With virtually no competition for markets, natural resources or energy, western countries, led by the US, experienced extraordinary growth, accompanied by historic levels of individual affluence and societal protections. All this became viewed as part and parcel of the West's new version of manifest destiny and, among citizens, a birthright.
But then former Third World/Developing nations, like China and India, stopped propping up the West with cheap resources and began demanding their share of " well " everything. And, they demanded that capitalist nations of the West live up to their own capitalist dogma and " gasp.. compete.
All of which is why the West's one-time Horn of Plenty is now running on empty. The hubris and swagger that once pervaded Western societies has been replaced by something completely unfamiliar mandatory austerity.
So, many European countries are broke. Amazingly since the region enjoyed half a century of virtually free protection under the US defense umbrella.
Here in the US we took matters further, much further. We not only over-spent like Europe, but also carried a defense budget burden greater than that of all the nations of the earth combined. Then, just for good measure, we slashed taxes on the rich while outsourcing the last remaining dependable tax base the jobs of withholding-tax paying blue collar workers. And, when the tax revenue plummeted, we made up the difference borrowing ourselves into the same hole Europe has. (When it came to the economics of "What, me worry?" Americans went the whole nine yards.)
Austerity forced by the rules of economic physics works just like those spike strips cops put down to stop runaway cars. When a nation hits an austerity strip it's a short matter of time before everything is screeching along on rims with sparks start flying. That's the stage Europe is in now, sparks are flying. What comes next is, of course, entirely inevitable. It can be postponed for a short while, but eventually the wheels fall off and that's it time to face the music enforced austerity.
Europeans may have a tough time adjusting as their social welfare system restructures into something less generous. But Europeans can at least reach back to the near-past, dusting off coping skills they employed during and immediately after the war. Americans will not be so fortunate.

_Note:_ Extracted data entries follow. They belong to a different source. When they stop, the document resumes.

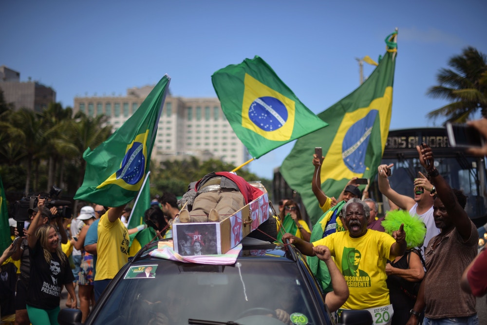 Des partisans de Bolsonaro défilent avec un simulacre de cercueil représentant le Parti des travailleurs, à Rio de Janeiro, Brésil, lors du second tour des élections présidentielles, le 28 octobre 2018. Photo : Carl de Souza/AFP/Getty Images
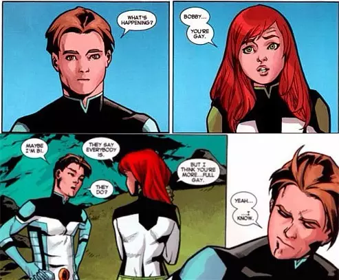 “冰人”鲍比是《X战警》系列颇受欢迎的变种人,也是最早的变种人之一,1963年就出现在漫画中了,他能够将水和空气中的水蒸气冻结成冰,也是潜在的欧米茄级别变种人。在漫画“All New X-Men”中,青少年时期的鲍比对琴-格雷(凤凰女)说自己也许是双性恋,而会读心术的琴则表示,“我觉得你是纯gay。”鲍比并未感到意外,平静的回答道:“好吧,我知道了。”
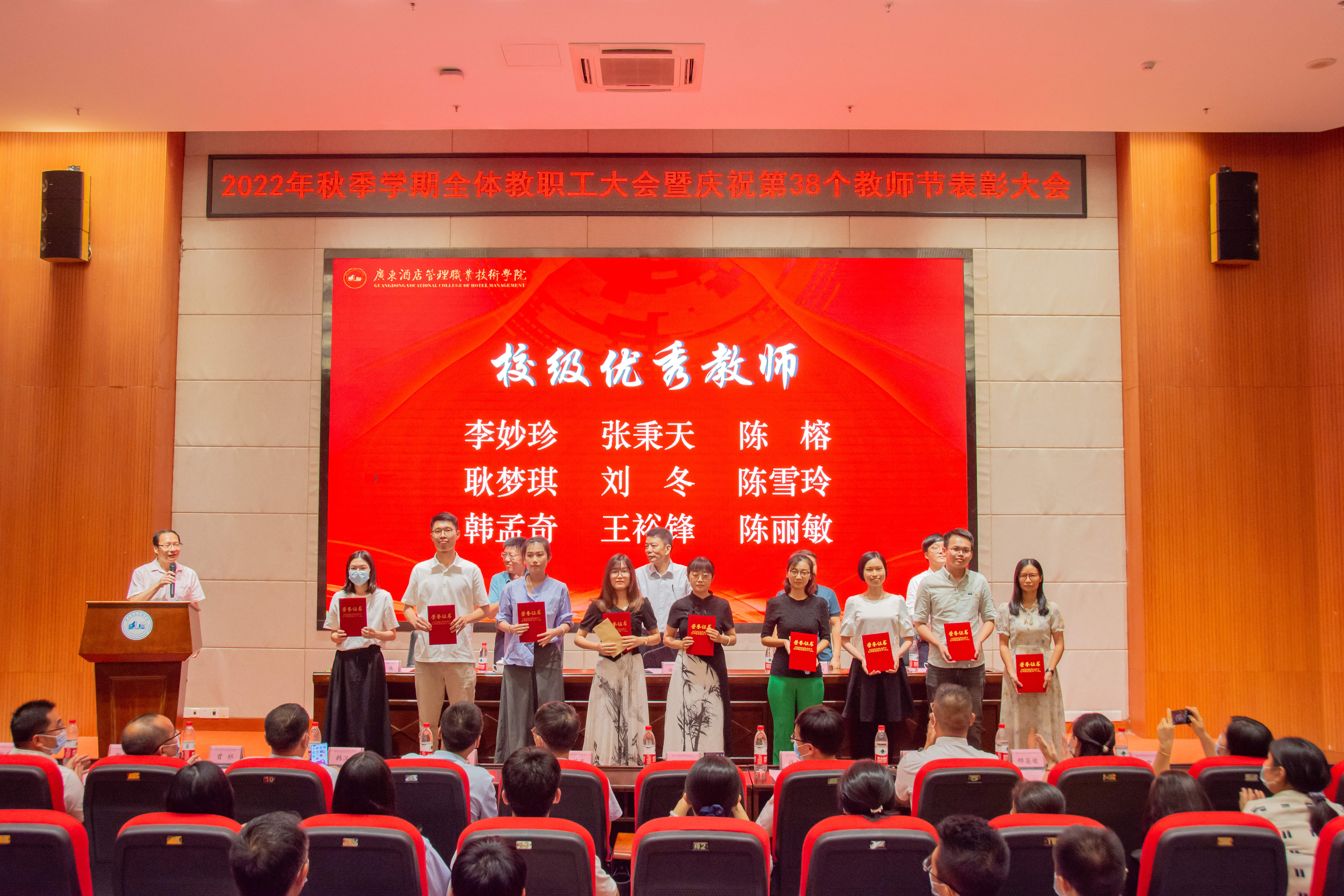 陈锦轩副校长宣读《广东酒店管理职业技术学院关于表彰优秀教师、优秀教育工作者的决定》

It's been nearly a century since Americans have had to deal with anything that even approached austerity. (Our idea of austerity is settling for a 42" flat-screen TV instead of the 60" we really wanted, or dining at Outback Steakhouse instead of Chateau LeExcessive.)

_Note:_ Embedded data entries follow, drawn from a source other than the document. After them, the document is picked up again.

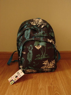 กระเป๋า เป้ roxy สีดำ ลายต้นมะพร้าว หัวซิปเป็นรูปลูกกุญแจด้านหน้าปักโลโก้ Roxy สีขาว มีช่องใส่ของใหญ่ 2 ช่องพร้อมซิปปิด 2 ด้าน ด้านหน้ามีช่องใส่ของ 1 ช่องพร้อมซิปปิด ด้านในมีช่องใส่ของเล็ก ๆ พร้อมช่องใส่บัตร 3 ช่อง ใส่ของได้เยอะมากค่ะ ด้านหลังกระเป๋าและสายสะพายบุฟองน้ำกันเจ็บหลัง สายสะพายปรับยาว - สั้นได้ สามารถซักทำความสะอาดได้ง่าย
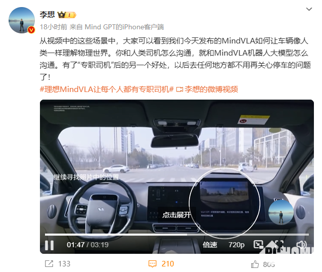随后,李想在微博展示了一段视频,表示“从视频中的这些场景中,大家可以看到我们今天发布的MindVLA如何让车辆像人类一样理解物理世界。你和人类司机怎么沟通,就和MindVLA机器人大模型怎么沟通。有了“专职司机”后的另一个好处,以后去任何地方都不用再关心停车的问题了!”
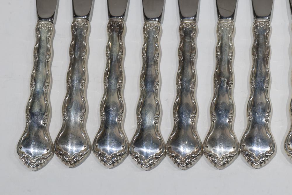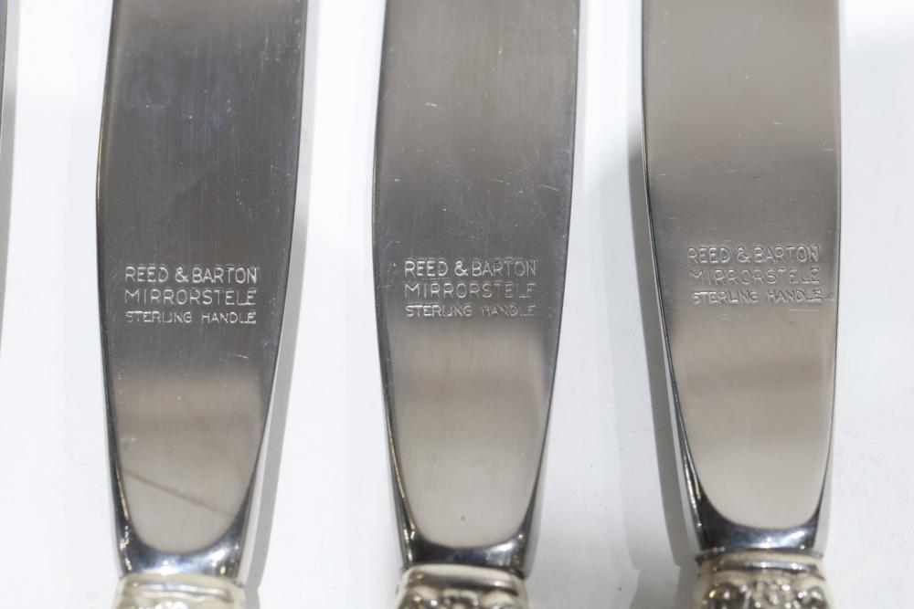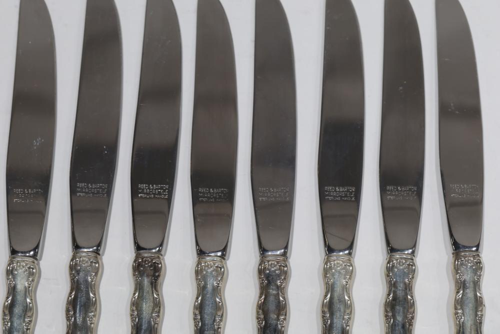 Eight Reed & Barton Mirrorstele knives with sterling silver handles. Features an ornate, floral design on the handles. Blades marked with 'Reed & Barton Mirrorstele'. Total weight being 546 grams.

The American economy has, so far, avoided the spike strips, but only because of bank and Wall Street bailouts and fancy driving by the Federal Reserve scooting down side streets and back alleys. But that run of luck will run out too And when it does it will be interesting to see how all those blue collar voters who fell in love with the Tea Party's "Don't tax the rich and we want smaller government" philosophy react. After all, when the private sector can't/won't hire them, banks won't even return their calls, much lend them a dime, and the government has, on Tea Party orders, gotten out of the social welfare business, what then?

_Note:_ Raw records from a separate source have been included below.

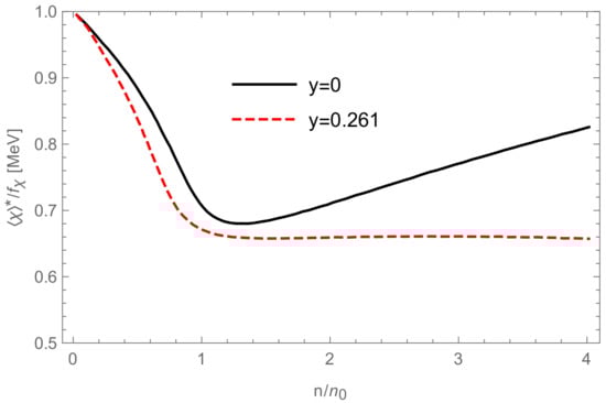 where the ellipsis stands for chiral symmetry breaking (quark mass) terms. Now, if one ignores the quark mass terms, then given that the which should be identified with the dilaton decay constant is independent of density as illustrated in Figure 2, we have
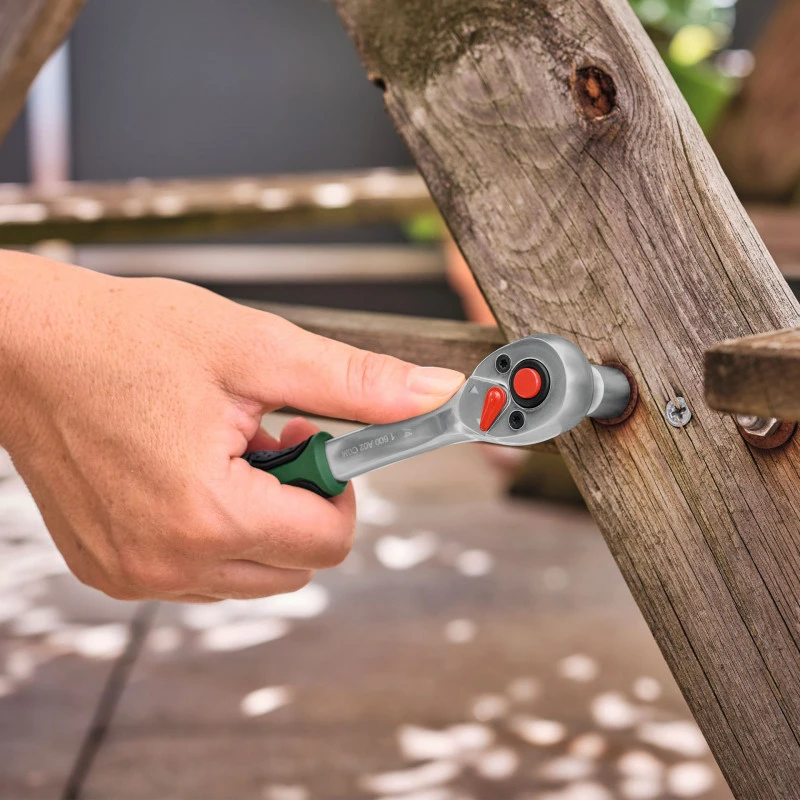 Le set comprend un cliquet 1″, un tournevis universel, une pince universelle, 2 adaptateurs d’embout, 10 douilles et une rallonge de 50 mm.
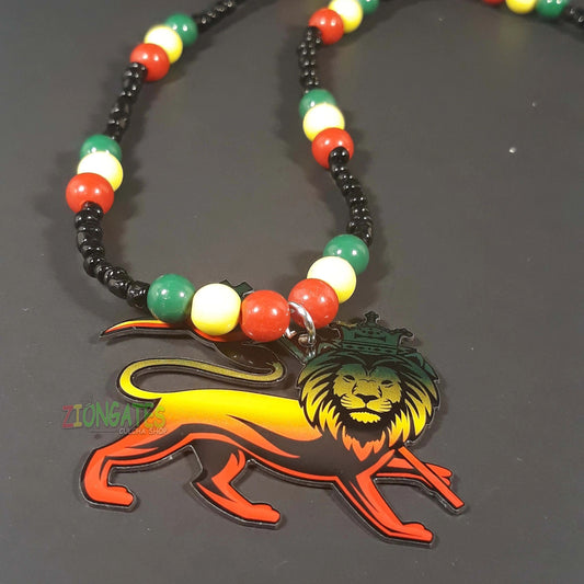 Lion of Judah Beaded Necklace - Rasta - LNE-15A
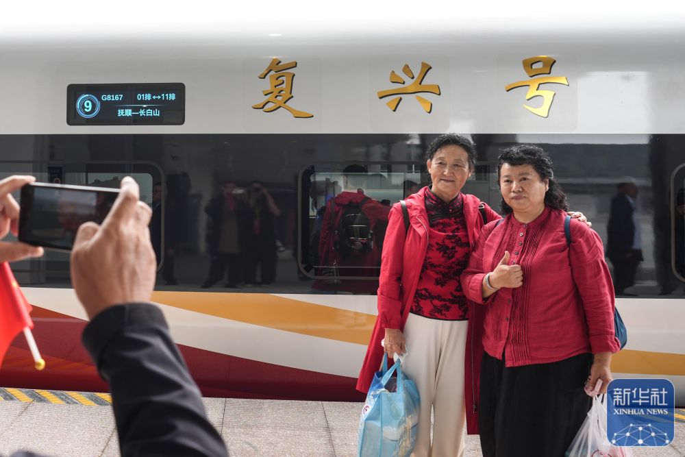 ↑ 9月28日,从抚顺站开往长白山站的G8167次列车驶出抚顺站。新华社记者 潘昱龙 摄
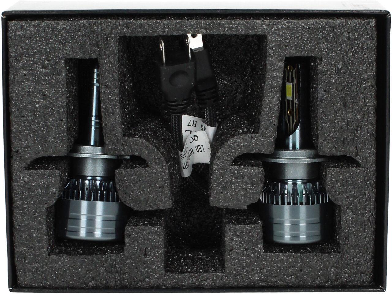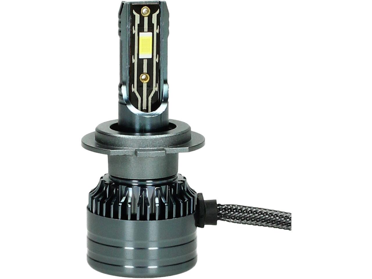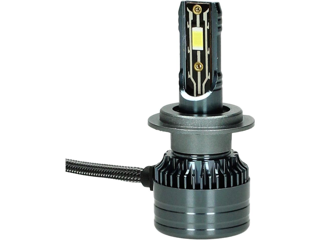 Velice odolná LED H7 model A5 žárovka s barvou světla 6000K (studená bílá) sada 2 kusy do světlometu do auta na 12V, 24V jako náhrada za klasickou nevýkonou žárovku H7.

It's an interesting question, and one that we should all begin to ponder so we're ready when it happens. Because sooner or later sparks are going to fly when even these dimwit self-minted "patriots" notice something. As they and their families settle into the serfdom of austerity, those who cheered them on and financed their movement will have suddenly disappeared. When they go looking for their one-time prophets of prosperity, Sarah Palin, Dick Armey et al, they will find. And they will find them doing just fine, thank you very much-- living in excessively non-austere surroundings, behind locked gates, but signing louder than ever the glories of unfettered free enterprise and small government.
That's when, I suspect, Nevada Tea Party darling, Sharon Angle, will get her wish, as all those gun-loving, but now terminally unemployed, folks she stirred up start exercising "their Second-Amendment remedies." ( Though I suspect not exactly as Angle had originally envisioned.)